Head Coach Leah Pinette:  No.  I remember when the final score used to be 75% routine score and 25% figures score here in the US. We’ve seen a decline in figure ranking on the international level because we lost our focus on the basic technical skills of our sport.  So, USA Synchro decided to put 50% of the score on figures and 50% on the routines as a way to get athletes and coaches to work more on figures. 
ANA Synchro:  This emphasis on figures must be challenging for any coach because the girls probably prefer working on routines, right? 
Head Coach Leah Pinette:  Yes, they do tend to want to work on routines!  I suppose I can understand that.  It’ harder, mentally, to work on figures and technical skills than a routine.  But if the girls want to have great routines, they have to be able to do a ballet leg correctly and know how to scull and spin correctly.  And the more advanced they get, the more critical it is to have a strong foundation of basics to be able to learn those harder technical skills.  So, every week when I write the practice plans, I put in there how much time we’re going to work on figures and how much time we’re going to work on routines so everybody knows the plan.  For Age Group athletes, it’s about 50-50.  For Intermediates, it’s about 75% figures and technical work, and 25% routines. 

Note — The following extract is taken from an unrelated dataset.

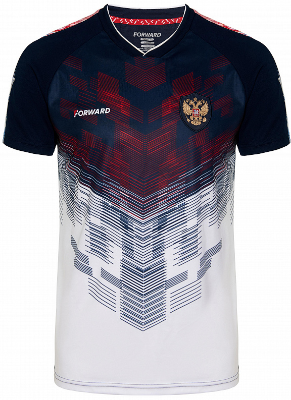 Мужская футболка с коротким рукавом в патриотичном цвете российского триколора. Прямой силуэт с V-образным вырезом горловины. Запринтованная полочка Спина и плечевые вставки из сетчатого полотна. Жаккардовый шеврон «Герб России» и вышивка «FORWARD», декоративный принт на груди , жаккардовый шеврон «Флаг России» и надпись «NATIONAL TEAM», 3D вышивка «F» на рукавах, принт «RUSSIA» на спине. Футболка выполнена из синтетического полотна с технологией Quick Dry. Это полотно отлично подходит для активного образа жизни, обладает водо- и грязеотталкивающими свойствами, быстро сохнет, имеет антистатические свойства. Футболка отлично отводит влагу и великолепно подходит для занятий спортом. Состав: 100% полиэстер, 135-145 г/м². Футболка прямого силуэта с V-образным вырезом горловины. Обтачка горловины выполнена из основного полотна. Рукав покроя реглан. Полочка запринтованая. Спинка и плечевые вставки выполнены из сетчатого полотна. Нанесения: Жаккардовый шеврон «Герб РФ», жаккардовый шеврон «Флаг РФ, NATIONAL TEAM», принт «RUSSIA», вышивка «FORWARD», 3D вышивка «F», декоративный принт. Состав: 100% полиэстер, 135-145г/м2.

ANA Synchro:  How did you feel about working on figures when you were an athlete? 
Head Coach Leah
I really enjoyed figures because I was more of a technical swimmer.  I didn’t necessarily enjoy practicing figures though!  You don’t move around as much practicing figures so I was always cold and shivering!  But I loved doing them because they calm your mind and calm your heart rate.  I think I excelled at them because I could just focus on what I was doing at the time, at the slower pace, and think of what I could do to improve.  Now, as a coach, I have discovered that while I do love routines and the choreography side of synchro, I really love teaching the technical side of synchro.  I think the girls have figured this out by how much time we spend on them!  I still get the questions from them “when can we do routines?”, but all our work on basics and figures are paying off.  Everyone’s figures scores are improving, and I think the athletes are starting to make the connection that strong technical skills mean they’ll have stronger routines. This means they can do more advanced and exciting routines!